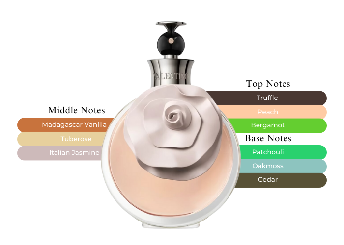 Fragrance notes are Italian bergamot, Smeggia peach, tuber, tuberose, and Italian jasmine.
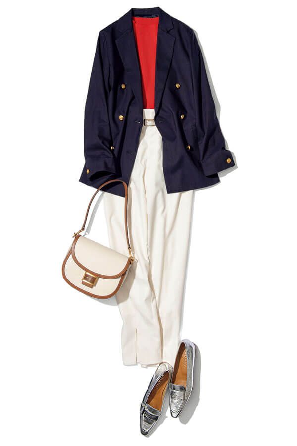 ジャケットにタックパンツ、足元はローファーのプレッピースタイルを、大人の女性らしくアレンジ。ニットの赤と足元のシルバーで華やぎを盛れば、一目置かれるおしゃれ感に。
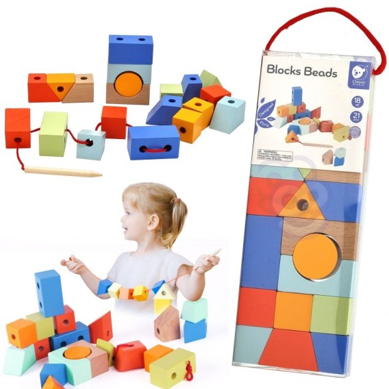 CLASSIC WORLD Drewniane Klocki do Nawlekania Figury Geometryczne 21 el.
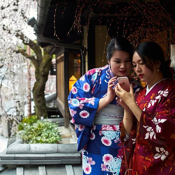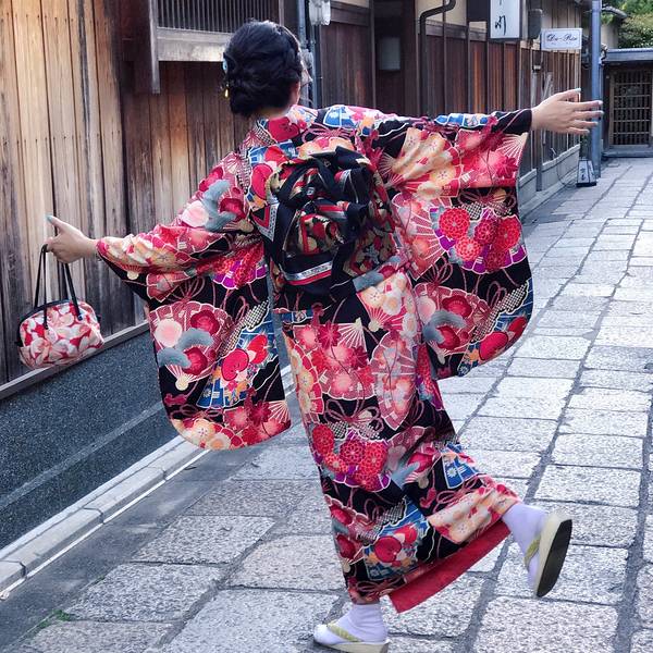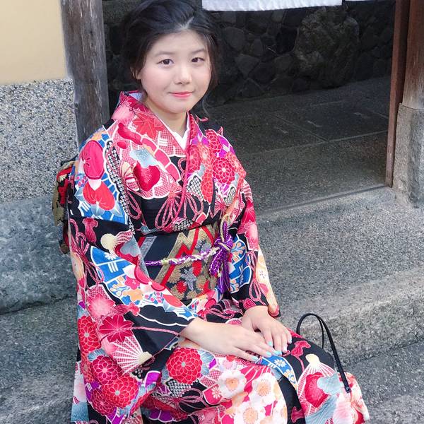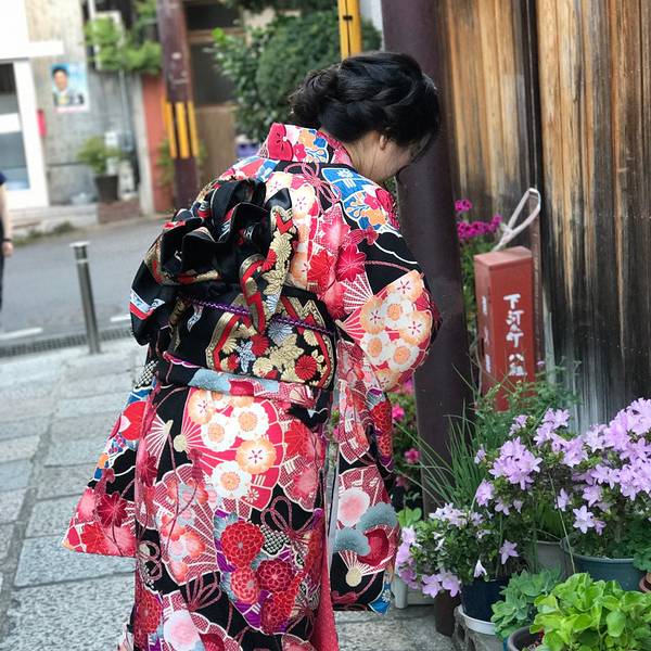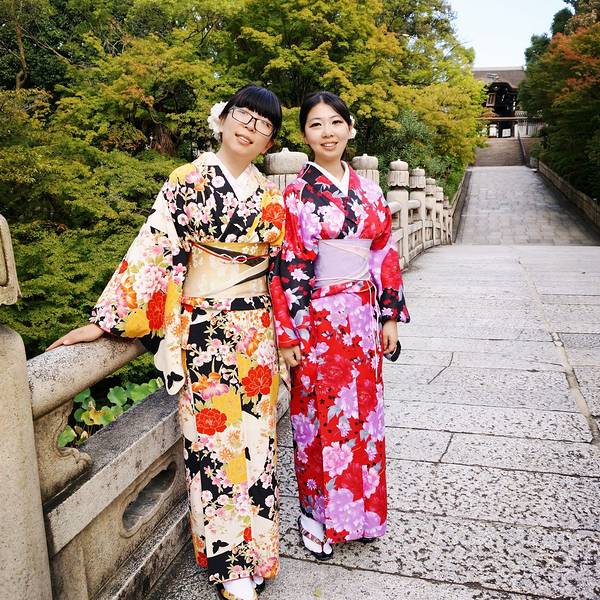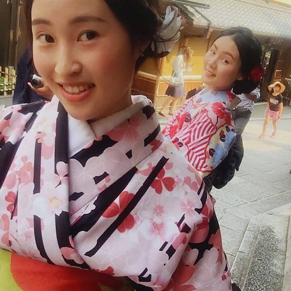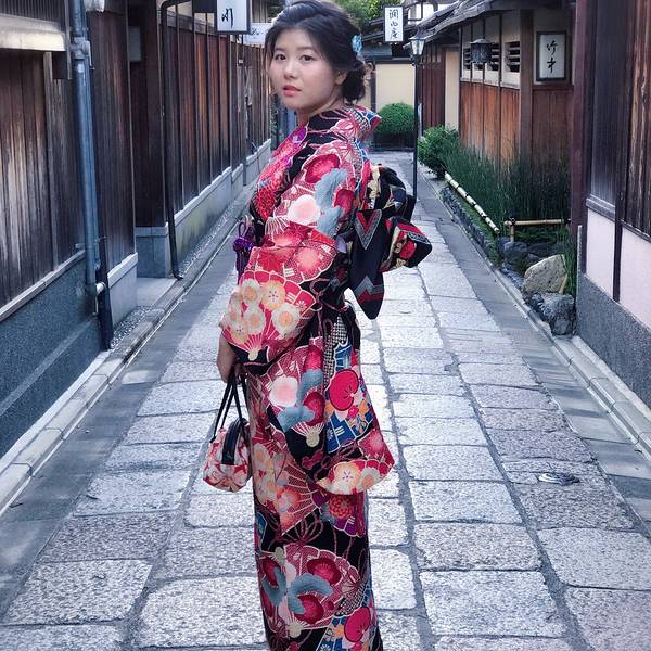 清水寺门口那个超级大长坡有很多小店,各种特色食品、工艺品……总之就是景点常见的那种。京都超热的抹茶系列,街上还有很多抹茶冰淇淋什么的,我还蛮喜欢这个味道。附近小路里偶遇中学生下去之后我便去换了和服,另外两个同伴对这个没兴趣所以是我一个人穿……我去的是First的清水寺本店,下午三点多还有一些好看的二尺和服。在淘宝订的衣服、发型和化妆,因为配色的关系去现场又加钱换了宽腰带和绳结,以及跨店归还的服务,最后整个下来500多人民币吧。 一般店铺都有的和服款式是:一个特别简单基础的日常款、小纹、二尺、振袖。价格依次增加,选喜欢的就好。发型还是建议做一下除非你自己会盘,不然有点奇怪。化妆其实不需要,他们也就是个日系裸妆,主要是我自己不会化。 接下来我们是顺着二年坂往八坂神社走,沿路都是那个日式的房子和小巷,特别棒!和服也非常精致,感谢小伙伴给我拍照,iPhone7P,像素就是遛!
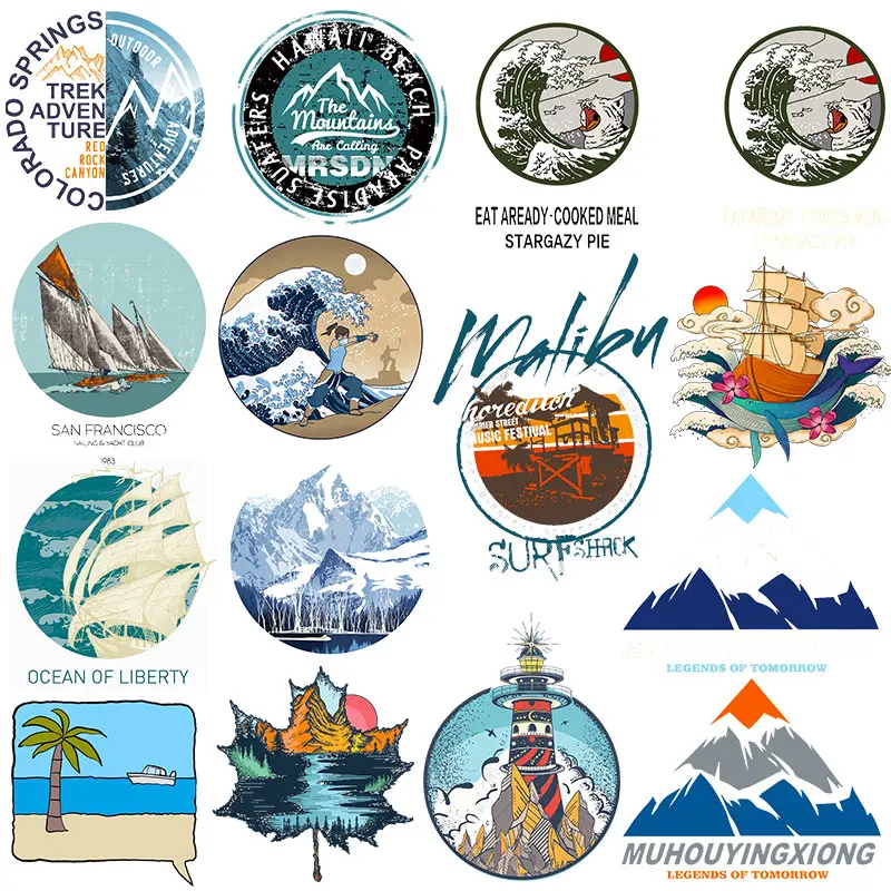 Нашивки с волнами в дикой природе, термоклейкие термонаклейки для одежды, нашивки для одежды с изображением гор
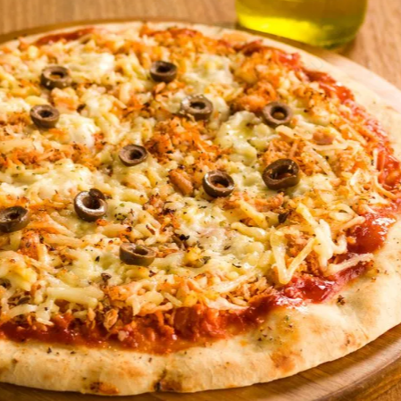 MOLHO KING, MUSSARELA, MANJERICÃO, TOMATE, AZEITONA E ORÉGANO. DISPONÍVEL NOS TAMANHOS: P(25cm), M(30cm) e F(35cm)
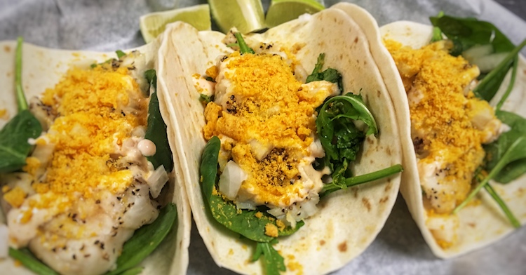 Our Cap’n Crunch Tilapia Tacos start with a grilled tilapia filet on a bed of fresh spinach and arugula. Then we add a bit of spice with a Sriracha crema, some sweetness and crunch from the crushed Cap’n Crunch and diced white onions, and finish everything off with a squirt of lime.
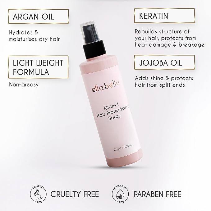 ELLA BELLA® 6-in-1 Hot Air Styler Pink & Heat Protectant Spray • Powerful Hair Dryer Set for Fast Curling, Volumizing, Straightening • Includes Travel Case • UV Shield & Nourishing Hair Care
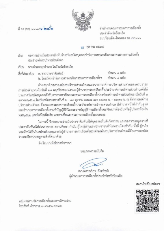 รายละเอียดตามหนังสือที่แนบมาพร้อมนี้ ทั้งนี้ ขอให้ทุก อบต. ประชาสัมพันธ์ทางเว็บไซต์
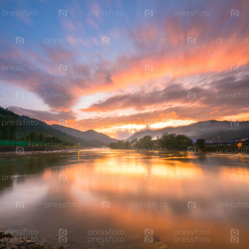 Река в Сибири на рассвете на рассвете
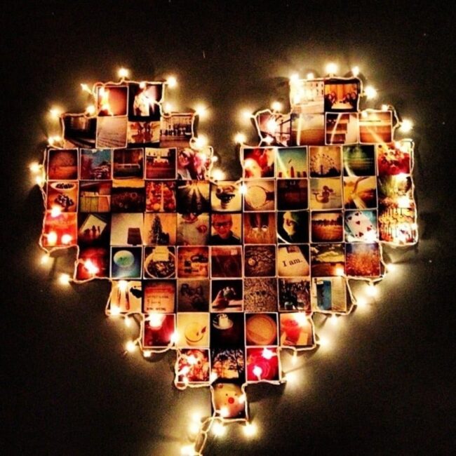 Memories come alive when carefully selected snapshots form meaningful heart-shaped collages, reflecting unique personalities.
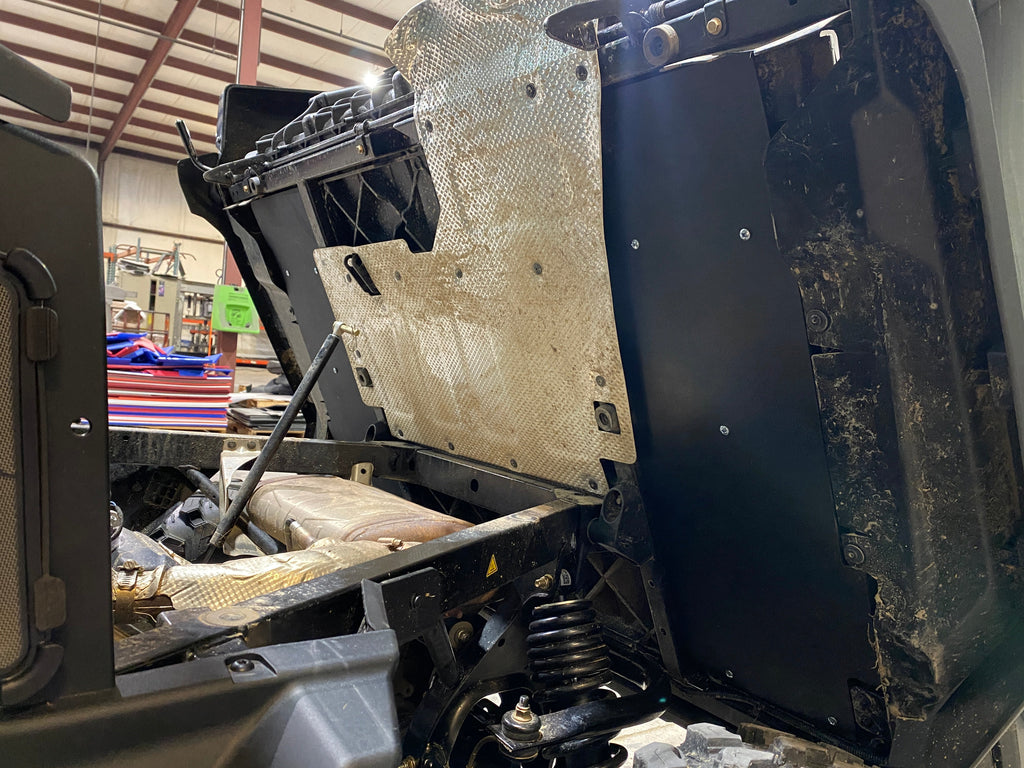 Tired of your tires caking mud in that impossible-to-clean honeycomb under your Can Am Defender and Defender Max's dump bed? Trail Armor's under bed mud shields fit over those problem areas on the underside of your bed above the tires to keep the mud out. Made from 1/8" (.125") thick plastic, these panels are custom cut to fit on your bed underside (above the tires) and will not interfere with dumping capability or function of factory heat shield. Please see ALSO FITS for specific year and model fitment.
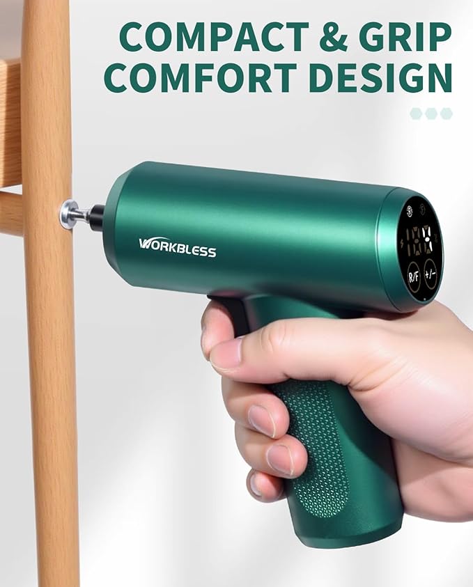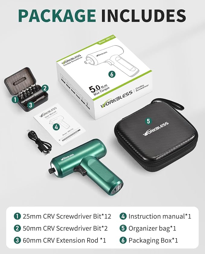 - 【5Nm Torque & 3.7V 2000mAh Battery】The WORKBLESS power screwdriver delivers 5Nm max torque and 250 RPM speed for efficient drilling and fastening in wood, plastic, and light metal. The 2000mAh battery ensures long running time (300+ screws per charge) and supports Type-C fast charging (2-3 hours).
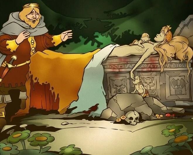 Король, полюбовавшись на юную голую красавицу, привязанную к столбу, решил, что прикольнее будет отправить на костёр старую жену. А детей, оказывается, спас повар.
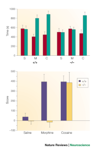 Selective knockout of the NK1 receptor blunts the rewarding effect of morphine while leaving its analgesic effect largely intact. So NK1-receptor antagonists could counteract problems of morphine dependency in the clinic.
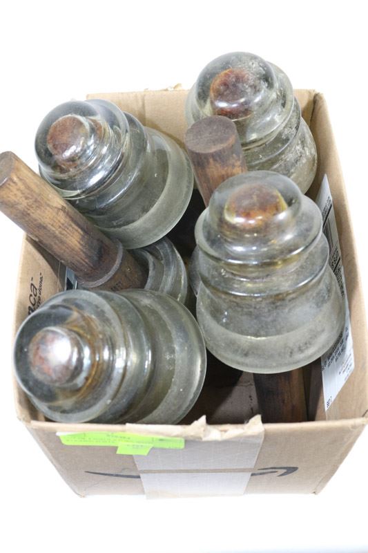 LOT OF 6 INSULATORS WITH WOODEN POSTS
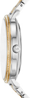 Метки в виде точек и штрихов с кристаллами. Рифленая заводная головка. Браслет с раскладывающейся застежкой.
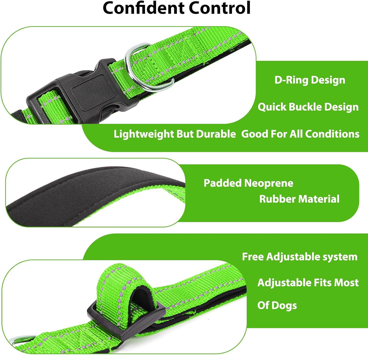 Reflective Dog Collar Padded with Soft Neoprene Breathable Quick Release Basic Dog Collars for Medium Dogs Green Boy Girl
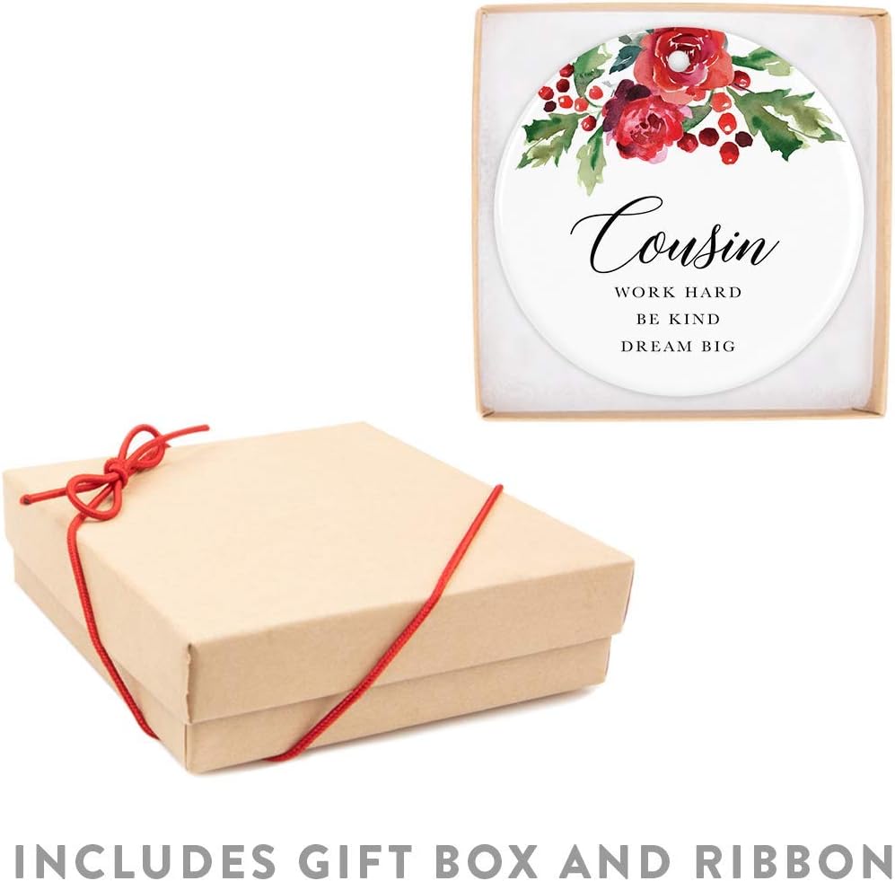 Andaz Press Round Ceramic Porcelain Christmas Tree Ornament Keepsake Gift for Cousins, Cousin Work Hard Be Kind Dream Big, 1-Pack, Includes Ribbon and Gift Box

Exercise instructions: With the pictures left out, give again exactly the lines from the one that contains "LOT OF 6 INSULATORS WITH WOODEN POSTS" through the final line of the data above.

Finished exercise:
 LOT OF 6 INSULATORS WITH WOODEN POSTS
 Метки в виде точек и штрихов с кристаллами. Рифленая заводная головка. Браслет с раскладывающейся застежкой.
 Reflective Dog Collar Padded with Soft Neoprene Breathable Quick Release Basic Dog Collars for Medium Dogs Green Boy Girl
 Andaz Press Round Ceramic Porcelain Christmas Tree Ornament Keepsake Gift for Cousins, Cousin Work Hard Be Kind Dream Big, 1-Pack, Includes Ribbon and Gift Box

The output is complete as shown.